Like most New Yorkers, I LOVE to shop. Never mind baseball — snagging a bag of fantastic finds and super bargains is indeed our city’s favorite pastime.
Yet my knowledge of Fair Trade was mostly limited to the coffee and chocolate displays at Whole Foods. While the jewelry, bags, scarves and baskets on display at the New York Action Center are cute, I never made the Fair Trade connection.
One morning, one of our Battery Park City neighbors visited the Action Center and noticed a set of colorful nesting bowls on display. Noticed is actually too mild a term: she went wild over it! On hearing the story of the bowls — made by South African women out of discarded newspapers and painted in traditional Shwe Shwe patterns, with proceeds supporting living wages for women artisans and benefiting AIDS education in poor South African communities — she immediately whipped out her credit card to purchase the set.
“These are amazing! And the story behind them is so incredible,” she noted, trying on a necklace from Cambodia she eventually added to her purchase. “I had no idea you had stuff like this here.”
“Hmmm…shopping as an action,” I thought. And with that a Fair Trade Trunk Show was born.
As part of a month-long celebration of World Fair Trade Day, the Action Center took its selection of Fair Trade, eco-friendly fashion and home accessories on the road. The goal: to show New Yorkers that the simple act of shopping can be a meaningful, highly impactful action in the fight against world hunger and poverty.

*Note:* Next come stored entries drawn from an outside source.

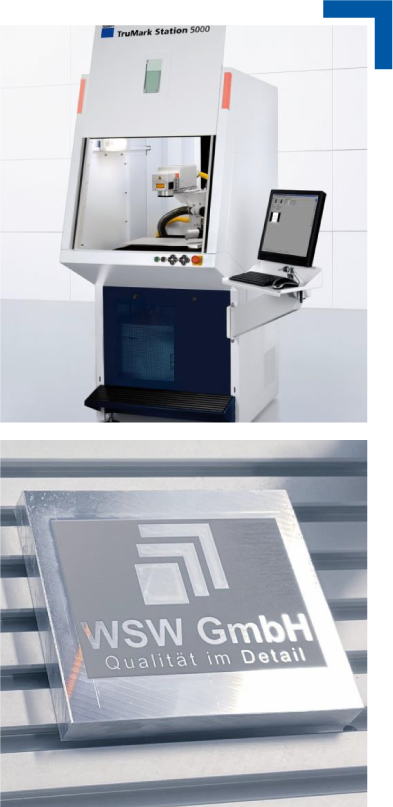 Mit dem 100 Watt Faserlaser Trumpf TruMark Station 5000 ist erneut ein besonders leis­tungsstarkes Gerät im WSW Maschinenpark eingezogen. Es eröffnet uns nicht nur eine große Bandbreite an individuellen Beschriftungs­möglichkeiten. Sondern es sorgt auch dafür, dass wir Fertigungsteile in kürzester Zeit nach den Wünschen unserer Kunden bearbeiten können.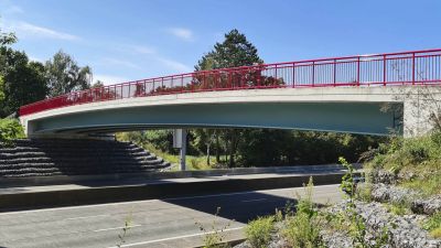 Tekst: <p>De fietsbrug zorgt ervoor dat fietsverkeer de autosnelweg E40 kan kruisen met twee fietsstroken van 2,5 m. Met één rijvak zullen auto’s beurtelings over de brug kunnen rijden. De brug is een vervanging van een voorgespannen brug die moest afgebroken worden na een aanrijding. Er werd een grotere overspanning voorzien om mogelijke uitbreiding van de onderliggende autosnelweg toe te laten. </p>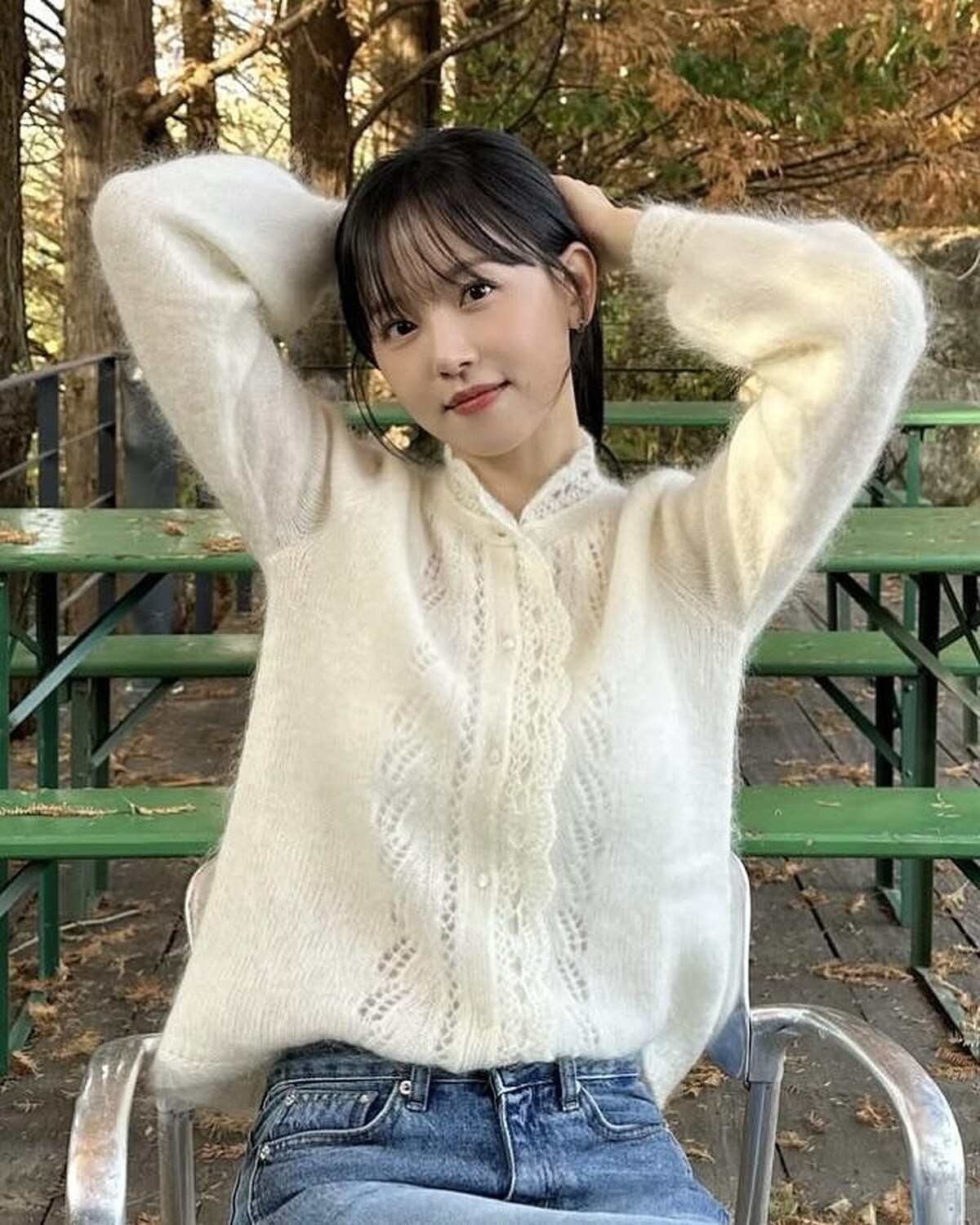 不同於她常見的知性長直髮,偶爾出現的妹妹頭劉海+中高馬尾,讓姜漢娜瞬間年輕好幾歲。齊瀏海修飾了額頭比例,搭配中高馬尾的蓬鬆度,不只拉長臉型,也增添一種元氣少女的氛圍。這樣的造型比起她平常的優雅風格,多了一份俏皮與活力!

We partnered with Counter, a trendy vegetarian bistro in the East Village which specializes in dishes made with sustainably-grown ingredients and features an extensive selection of organic wines, beers and cocktails. Gourmet food, environmentally-friendly drinks, and stylish Fair Trade fashion — this was conscious consumerism at its finest!
Dozens of shoppers turned out for this three-hour cocktail event including supporters of the Action Center, Mercy Corps donors and new friends from the neighborhood and around the city.
My friend Leslie came by to browse for a Mother’s Day gift. Her eyes wandered among the colorful necklaces, bags and hand-woven baskets, but nothing seemed to grab her. Then I showed her one of the reusable market bags. What she saw was a sort of laminated zip-pouch. “What’s that?” she asked, skeptical.
I opened it to reveal a pretty blue and brown batik print cloth bag inside. “Oh wow,” she ventured. “That’s kind of cool.”
I went on to explain that the bag was made from recaptured cotton sarongs and the outer pouch, which serves as a reinforced base when the bag was opened, was made from recycled rice bags covered with the newspaper comics. Small enough to fit in a purse, yet sturdy enough to carry a good day’s shopping, each one-of-a-kind bag features tribal patterns on trend of spring. Each purchase helped provide a living wage for women in Phnom Penh, Cambodia, as well as supported programs for street children, at high risk of violence, trafficking and prostitution.
Later, over a glass of biodynamic Tiamo Sangiovese, Leslie thanked me for inviting her to the event. “This was so much fun and much more than I expected,” she explained. “I had no idea this stuff would be so cool and had such an important impact on the lives of women. What a great way to celebrate Mother’s Day!”
By the end of the evening, the New York Action Center raised $800 to support its programming — as well as dozens of new names to add to its Friends List — and a heightened, enthusiastic awareness of what the Action Center has to offer. Shoppers came away with bags full of fantastic finds, a great feeling, and most important, a better understanding of how simple choices can make an important difference in the fight against hunger and poverty.